A nanogrid is a smaller-scale energy system, typically serving a single building or a discrete area within a building. Nanogrids can operate independently or connect to a larger grid, offering localized control over energy usage and enhancing reliability for specific loads.
A picogrid is the most compact form of an energy system, often designed to power individual devices or small clusters of devices. An example is a portable solar panel charging a smartphone. Picogrids are typically standalone systems, providing energy autonomy for personal electronic devices without reliance on larger grid infrastructures.
Why Distributed Energy Matters
The distributed energy industry isn’t just about technology; it’s about reshaping how we think about energy itself. Here’s why it’s crucial:
- Resilience: As grid disruptions from natural disasters, physical and cyber attacks become more common, onsite energy systems like microgrids provide a buffer against outages.
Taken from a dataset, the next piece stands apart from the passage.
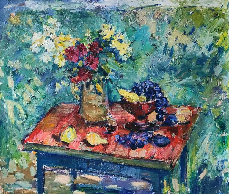 "August Naturemorte" is a painting inspired by the richness of late summer's bounty. Rendered in the impressionistic style, this still life captures a tabletop display of grapes, pears, and chrysanthemums arranged in a pitcher. The painting explores the interplay of light and shadow on the fruits a...

- Cost Savings: By generating and storing power locally, businesses and communities can avoid peak demand prices and time of use rates and in general minimize the amount of energy needed from the grid.
- Sustainability: DERs reduce reliance on fossil fuels and transmission-heavy grids, cutting carbon emissions, and support more socially and ecologically responsible development.
- Control: With distributed energy, the power—literally—is in our hands. Energy control means less downtime, more predictable costs, and the ability to thrive no matter what the utility grid throws our way.
Building the Energy Future
As we move into the 21st century, the energy industry will become less about massive, centralized systems and more about networks of smaller, purpose-built solutions. Onsite energy empowers us to build smarter, cleaner, and more resilient systems. They allow us to scale to meet growing demand, ensure greater reliability, and minimize the strain on existing grid infrastructure. When done right, utilities, businesses, and communities will collaborate to build the right systems for specific needs and objectives, with aligned incentives. In doing so, we will create win-win-win outcomes.